Recorded data:
::::::

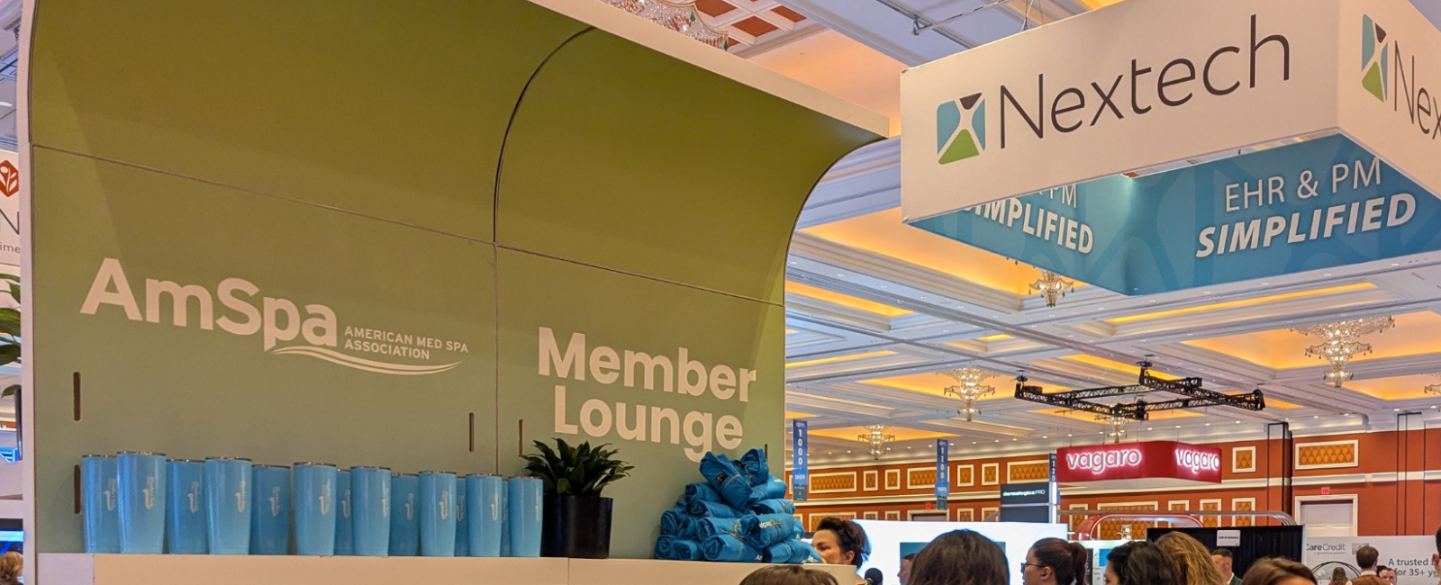 Located in the heart of the expo hall, the AmSpa Member Lounge was the place to be last year. Attendees with Basic and Plus memberships were able to rest their feet, refill their coffee, pick up exclusive member merchandise, and spend some time playing with therapy puppies courtesy of our friends at the Nevada SPCA.
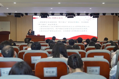 市紀委監(jiān)委駐城發(fā)集團紀檢監(jiān)察組副組長姬小靜,以《做遵規(guī)守紀的明白人》為題,分別從《條例》的歷史沿革、修訂意義、新變化和特點等方面,逐章逐條深度解讀新修訂的《中國共產黨紀律處分條例》。深刻領悟全面從嚴治黨的實踐要求,切實學出政治忠誠、學出清正廉潔、學出擔當作為。
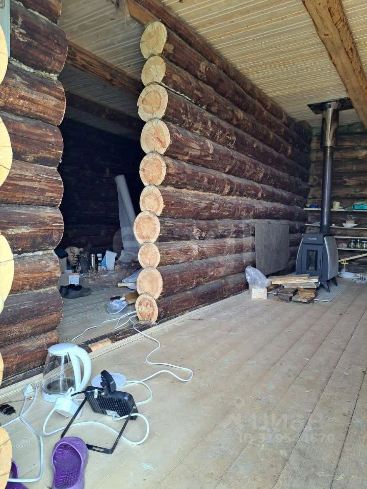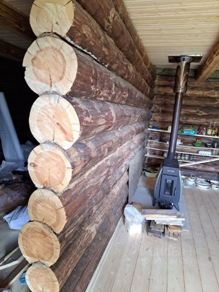 Территория участка благоустроена: здесь высажены ели, сосны и клен, создающие естественную зеленую зону и защиту от ветра. Основной объект — двухэтажный дом из цельного цилиндрованного бревна, установленного на 20 сваях, что гарантирует устойчивость конструкции и долговечность. Электричество подведено к дому, но разводку можно адаптировать под индивидуальные потребности нового собственника. Отопление печное, что обеспечивает автономность и независимость от центральных сетей.
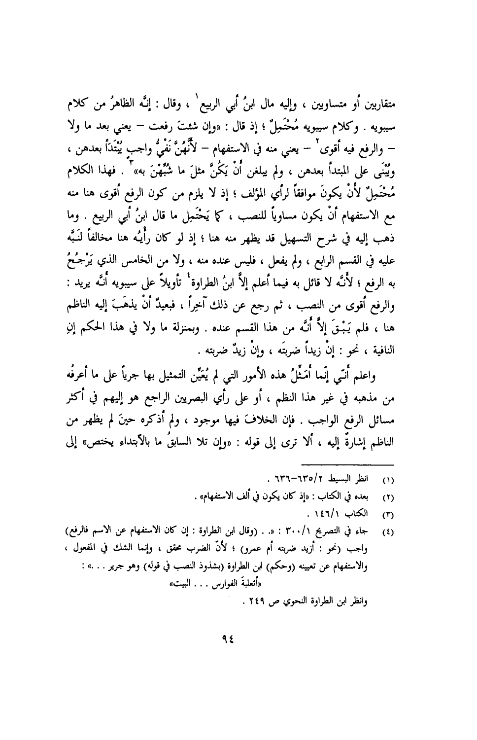 متقاربين أو متساويين, وإليه مال ابنُ أبي الربيع, وقال: إنّه الظاهرُ من كلام سيبويه. وكلام سيبويه مُحتَمِلٌ؛ إذ قال: ((وإن شئت رفعت- يعني بعد ما ولا- والرفع فيه أقوى- يعني منه في الاستفهام- لأنّهن نَفْيّ واجبٍ يثبتدا بعدهن, ويبنى على المبتدأ بعدهن, ولم يبلغن أنْ يَكُنَّ مثلَ ما شُبِّهْنَ به)). فهذا الكلام محتملٌ لأن يكون موافقًا لرأي المؤلف؛ إذ لا يلزم من كون الرفع أقوى هنا منه مع الاستفهام أنْ يكون مساويًا للنصب, كما يَحْتَمِل ما قال ابنُ أبي ربيع. وما ذهب إليه في شرح التسهيل قد يظهر منه هنا؛ إذ لو كان رأيُه هنا مخالفًا لنبّه عليه في القسم الرابع, ولم يفعل, فليس عنده منه, ولا من الخامس الذي يرجح به الرفع؛ لأنّه لا قائل به فما أعلم إلّا ابنُ الطراوة تأويلًا على سيبويه أنّه يريد: والرفع أقوى من النصب, ثم رجع عن ذلك آخرًا, فبعيدٌ أنْ يذهب إليه الناظم هنا, فلم يبقَ إلّا أنّه من هذا القسم عنده. وبمنزلة ما ولا في هذا الحكم إنِ النافية, نحو: إنْ زيدًا ضربتَه, وإنْ زيدٌ ضربته.
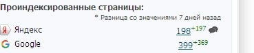 В индексе Яндекс 244 стр. / Гугл 448 стр.
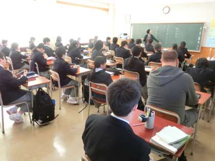 国語です。今日はクラスに配置されているALTが、1年D組なので一緒に授業を受けています。
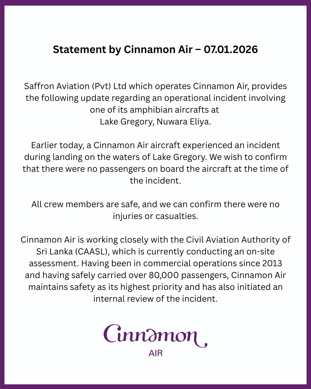 “A Cessna 208 Caravan 410 aircraft reported an incident while landing on Gregory Lake in Nuwara Eliya. Both the pilot and co-pilot were safely rescued. The Civil Aviation Authority, under the guidance of the Ministry of Ports and Civil Aviation, immediately dispatched our inspectors to the site. They are currently en route and will conduct a formal investigation upon arrival.”
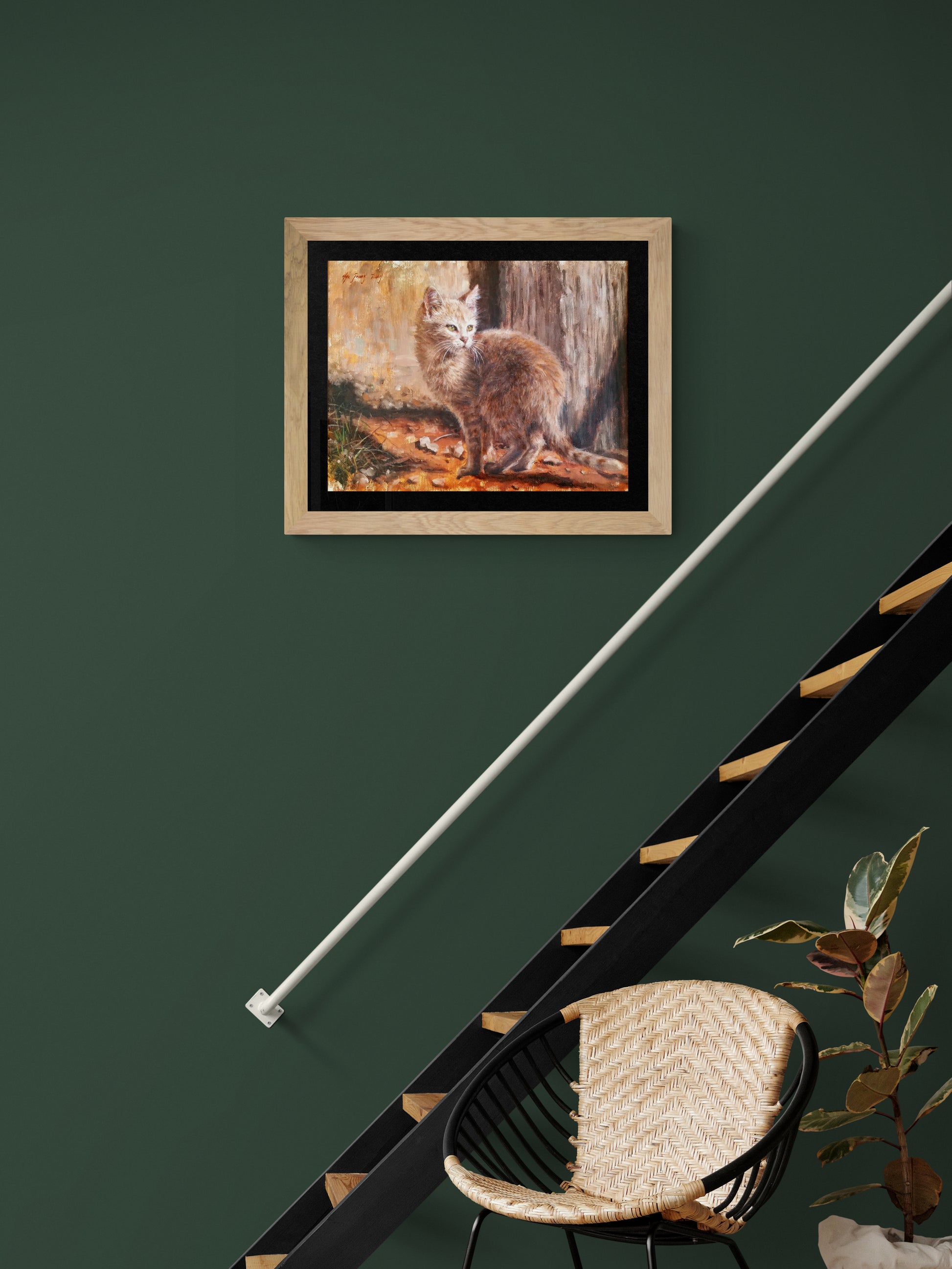 This oil painting captures the raw emotion of a young feral orange cat in a moment of being alert The artist skillfully portrays the cat’s tense posture and alert eyes, conveying its instinctive wariness. The vivid orange hues contrast with the darker background, emphasizing the cat’s vulnerability. This piece invites viewers to connect with the untamed spirit of the feline world.
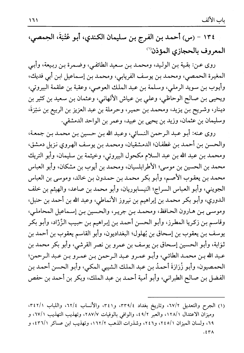 ١٣٤ - (س) أحمد بن الفرج بن سليمان الكندي، أبو عُتْبَةَ، الحِمصي، المعروف بالحجازي المؤذن (¬١)
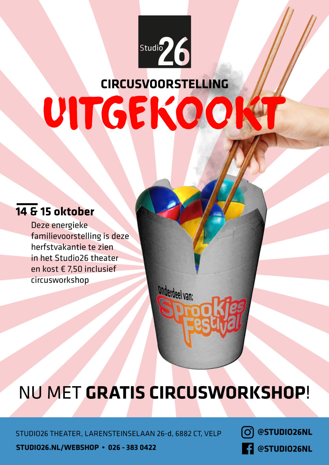 VELP – In de herfstvakantie vindt ieder jaar het Arnhemse Sprookjesfestival plaats en ook dit jaar is er tijdens dit festival een bijzondere voorstelling te zien in het Studio26 Theater in Velp; Circusvoorstelling Uitgekookt!
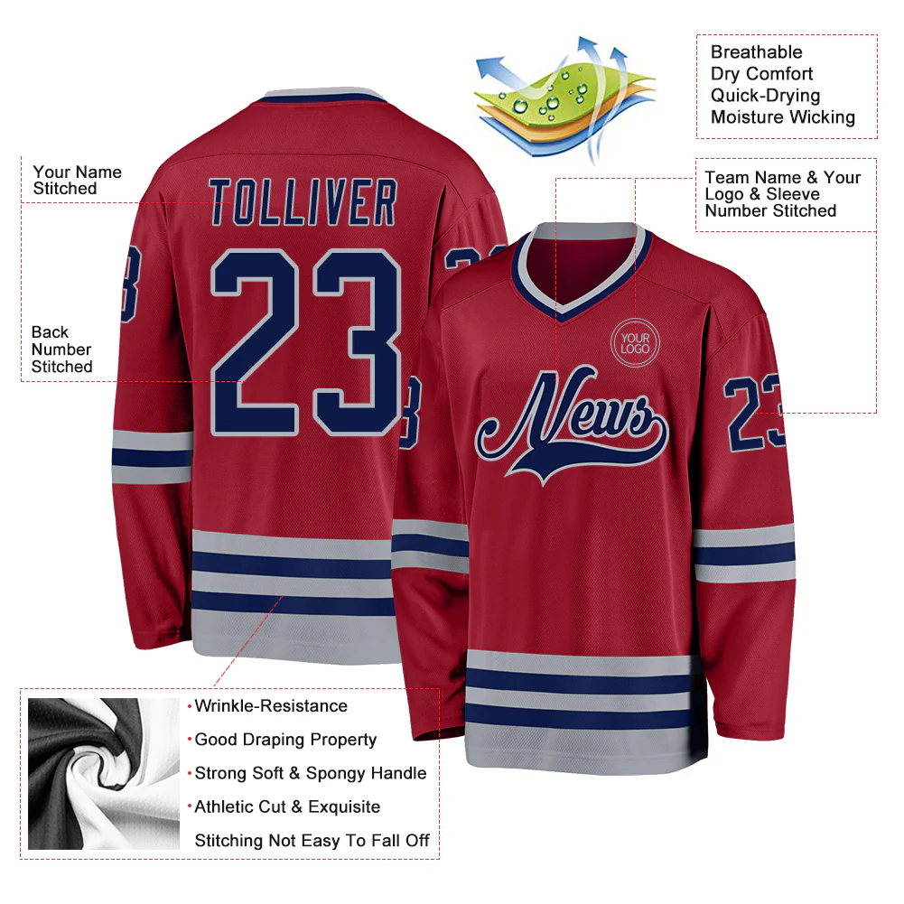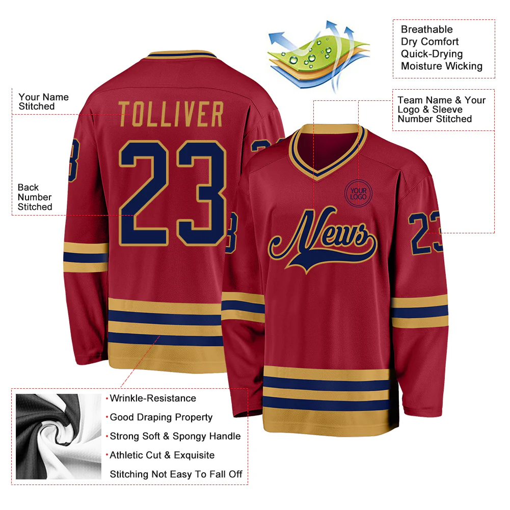 Custom Maroon Navy-Old Gold Hockey Jersey

::::::

An exact repetition of all the records above is required, excluding the pictures.

 Located in the heart of the expo hall, the AmSpa Member Lounge was the place to be last year. Attendees with Basic and Plus memberships were able to rest their feet, refill their coffee, pick up exclusive member merchandise, and spend some time playing with therapy puppies courtesy of our friends at the Nevada SPCA.
 市紀委監(jiān)委駐城發(fā)集團紀檢監(jiān)察組副組長姬小靜,以《做遵規(guī)守紀的明白人》為題,分別從《條例》的歷史沿革、修訂意義、新變化和特點等方面,逐章逐條深度解讀新修訂的《中國共產黨紀律處分條例》。深刻領悟全面從嚴治黨的實踐要求,切實學出政治忠誠、學出清正廉潔、學出擔當作為。
 Территория участка благоустроена: здесь высажены ели, сосны и клен, создающие естественную зеленую зону и защиту от ветра. Основной объект — двухэтажный дом из цельного цилиндрованного бревна, установленного на 20 сваях, что гарантирует устойчивость конструкции и долговечность. Электричество подведено к дому, но разводку можно адаптировать под индивидуальные потребности нового собственника. Отопление печное, что обеспечивает автономность и независимость от центральных сетей.
 متقاربين أو متساويين, وإليه مال ابنُ أبي الربيع, وقال: إنّه الظاهرُ من كلام سيبويه. وكلام سيبويه مُحتَمِلٌ؛ إذ قال: ((وإن شئت رفعت- يعني بعد ما ولا- والرفع فيه أقوى- يعني منه في الاستفهام- لأنّهن نَفْيّ واجبٍ يثبتدا بعدهن, ويبنى على المبتدأ بعدهن, ولم يبلغن أنْ يَكُنَّ مثلَ ما شُبِّهْنَ به)). فهذا الكلام محتملٌ لأن يكون موافقًا لرأي المؤلف؛ إذ لا يلزم من كون الرفع أقوى هنا منه مع الاستفهام أنْ يكون مساويًا للنصب, كما يَحْتَمِل ما قال ابنُ أبي ربيع. وما ذهب إليه في شرح التسهيل قد يظهر منه هنا؛ إذ لو كان رأيُه هنا مخالفًا لنبّه عليه في القسم الرابع, ولم يفعل, فليس عنده منه, ولا من الخامس الذي يرجح به الرفع؛ لأنّه لا قائل به فما أعلم إلّا ابنُ الطراوة تأويلًا على سيبويه أنّه يريد: والرفع أقوى من النصب, ثم رجع عن ذلك آخرًا, فبعيدٌ أنْ يذهب إليه الناظم هنا, فلم يبقَ إلّا أنّه من هذا القسم عنده. وبمنزلة ما ولا في هذا الحكم إنِ النافية, نحو: إنْ زيدًا ضربتَه, وإنْ زيدٌ ضربته.
 В индексе Яндекс 244 стр. / Гугл 448 стр.
 国語です。今日はクラスに配置されているALTが、1年D組なので一緒に授業を受けています。
 “A Cessna 208 Caravan 410 aircraft reported an incident while landing on Gregory Lake in Nuwara Eliya. Both the pilot and co-pilot were safely rescued. The Civil Aviation Authority, under the guidance of the Ministry of Ports and Civil Aviation, immediately dispatched our inspectors to the site. They are currently en route and will conduct a formal investigation upon arrival.”
 This oil painting captures the raw emotion of a young feral orange cat in a moment of being alert The artist skillfully portrays the cat’s tense posture and alert eyes, conveying its instinctive wariness. The vivid orange hues contrast with the darker background, emphasizing the cat’s vulnerability. This piece invites viewers to connect with the untamed spirit of the feline world.
 ١٣٤ - (س) أحمد بن الفرج بن سليمان الكندي، أبو عُتْبَةَ، الحِمصي، المعروف بالحجازي المؤذن (¬١)
 VELP – In de herfstvakantie vindt ieder jaar het Arnhemse Sprookjesfestival plaats en ook dit jaar is er tijdens dit festival een bijzondere voorstelling te zien in het Studio26 Theater in Velp; Circusvoorstelling Uitgekookt!
 Custom Maroon Navy-Old Gold Hockey Jersey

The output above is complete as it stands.